## ACTIVITY
Could you please write out each line of the records exactly, minus the pictures?

## MATERIAL SHOWN
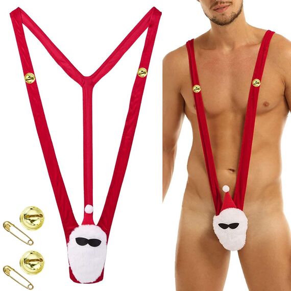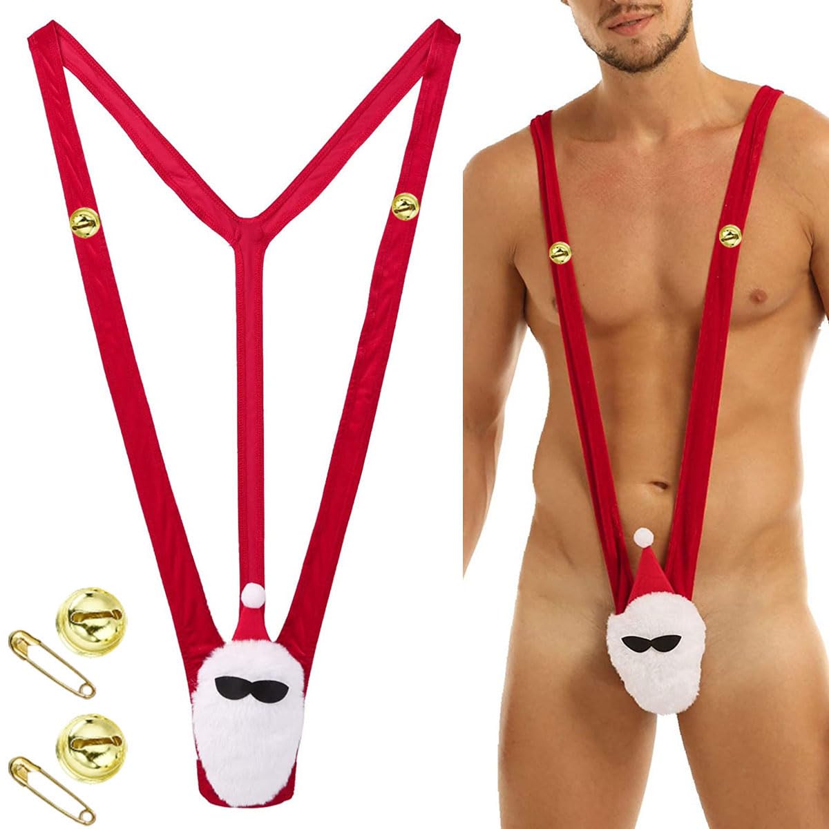 VemeFufu Mankini für Herren, sexy, lustig, Borat, Badeanzug, Kellner, Body, Weihnachten, Geburtstag, Witz, Geheimgeschenk für Herren, Freund, 01 Christmas Style A + Small Bell, Einheitsgröße
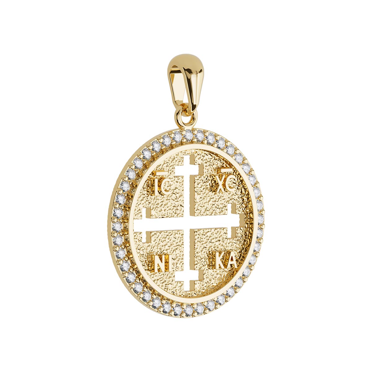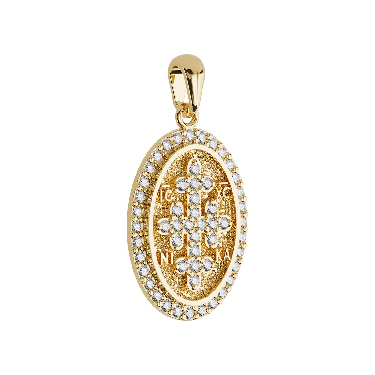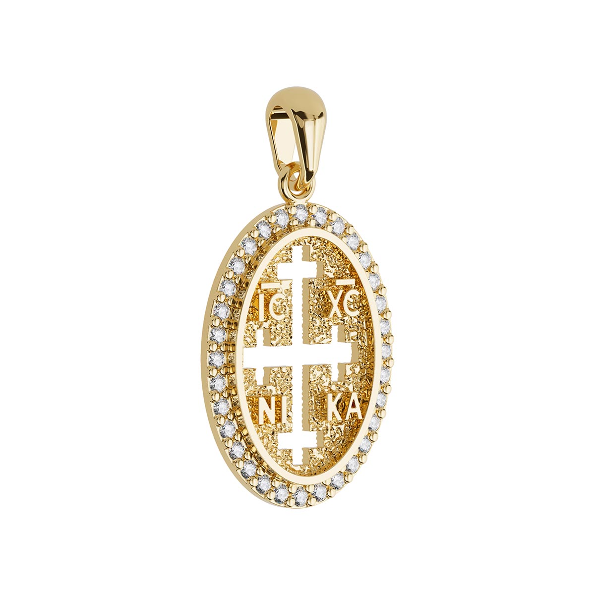 Oval Byzantine Style Konstantinato Diamond Cross Pendant
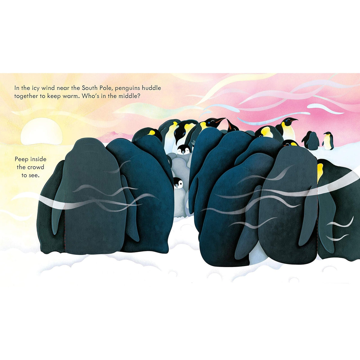 Peep under flaps and through holes to explore the snowiest places on Earth in this little wintry book. Peep under the snow to see polar bear cubs coming out of their den, seals and narwhals in the icy sea, peep behind penguins near the South Pole to meet their fluffy chicks, and peep behind the clouds to see the Northern Lights glowing in the sky. Another, very topical addition to add to the award-winning peep inside series. Sweet first discovery of Arctic/polar animals encourages young children to have a love of nature and snowy places - vital to the environmental concerns of today. Simple child-friendly text and irresistibly designed flaps encourage children to actively enagage with the subject, building their learning confidence.
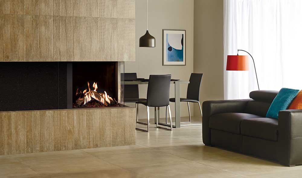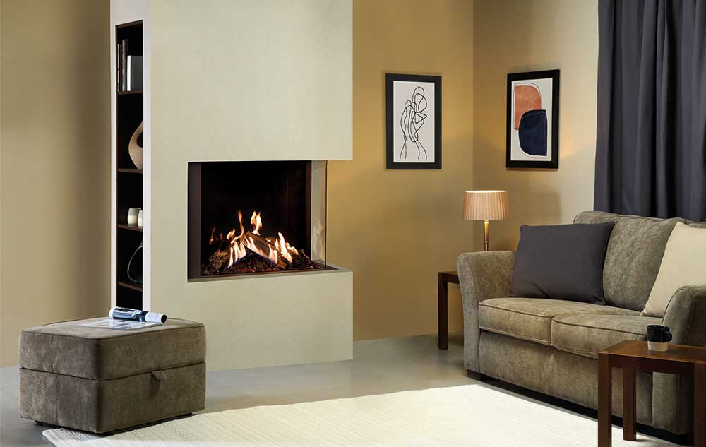 The Gazco Reflex two-sided and three-sided gas fires grant an unparalleled view of the stunning flame visuals, which can be viewed from almost anywhere in the room. These elegantly contemporary gas fires allow for a beautifully bespoke fireplace, whether positioned centrally or in the corner of the room. The two-sided 75T-2 is designed for corner installations and can be selected in either right or left corner versions to suit your home. The 75T-3’s panaromic display offers stunning views from any angle, with three sides showing the deep log composition and dancing flames.
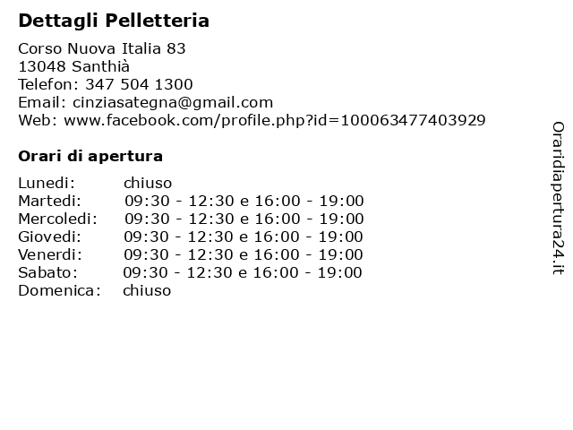 | Sabato | 09:30-12:30 e 16:00-19:00 |
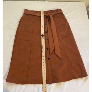 A stylish and comfortable brown rust faux suede A-line skirt featuring a tie waist and faux button front, offering a versatile and flattering look.
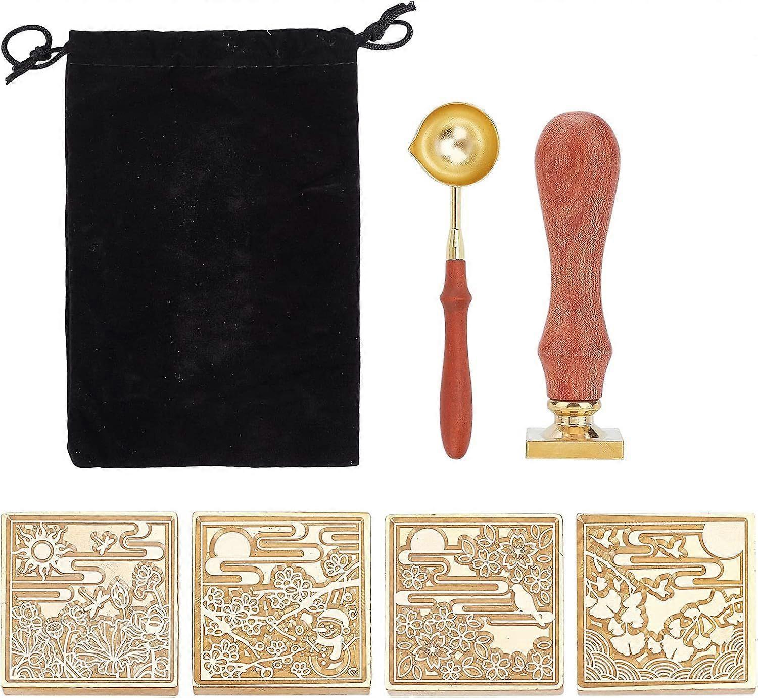 Wax Seal Stamp Set 4PCS Square Sealing Stamp Heads 4 Seasons with 1 Piece Universal Wood Handle Wax Melting Spoon and Velvet Pouches for Invitations C

## RESULT OF THIS EXERCISE
 VemeFufu Mankini für Herren, sexy, lustig, Borat, Badeanzug, Kellner, Body, Weihnachten, Geburtstag, Witz, Geheimgeschenk für Herren, Freund, 01 Christmas Style A + Small Bell, Einheitsgröße
 Oval Byzantine Style Konstantinato Diamond Cross Pendant
 Peep under flaps and through holes to explore the snowiest places on Earth in this little wintry book. Peep under the snow to see polar bear cubs coming out of their den, seals and narwhals in the icy sea, peep behind penguins near the South Pole to meet their fluffy chicks, and peep behind the clouds to see the Northern Lights glowing in the sky. Another, very topical addition to add to the award-winning peep inside series. Sweet first discovery of Arctic/polar animals encourages young children to have a love of nature and snowy places - vital to the environmental concerns of today. Simple child-friendly text and irresistibly designed flaps encourage children to actively enagage with the subject, building their learning confidence.
 The Gazco Reflex two-sided and three-sided gas fires grant an unparalleled view of the stunning flame visuals, which can be viewed from almost anywhere in the room. These elegantly contemporary gas fires allow for a beautifully bespoke fireplace, whether positioned centrally or in the corner of the room. The two-sided 75T-2 is designed for corner installations and can be selected in either right or left corner versions to suit your home. The 75T-3’s panaromic display offers stunning views from any angle, with three sides showing the deep log composition and dancing flames.
 | Sabato | 09:30-12:30 e 16:00-19:00 |
 A stylish and comfortable brown rust faux suede A-line skirt featuring a tie waist and faux button front, offering a versatile and flattering look.
 Wax Seal Stamp Set 4PCS Square Sealing Stamp Heads 4 Seasons with 1 Piece Universal Wood Handle Wax Melting Spoon and Velvet Pouches for Invitations C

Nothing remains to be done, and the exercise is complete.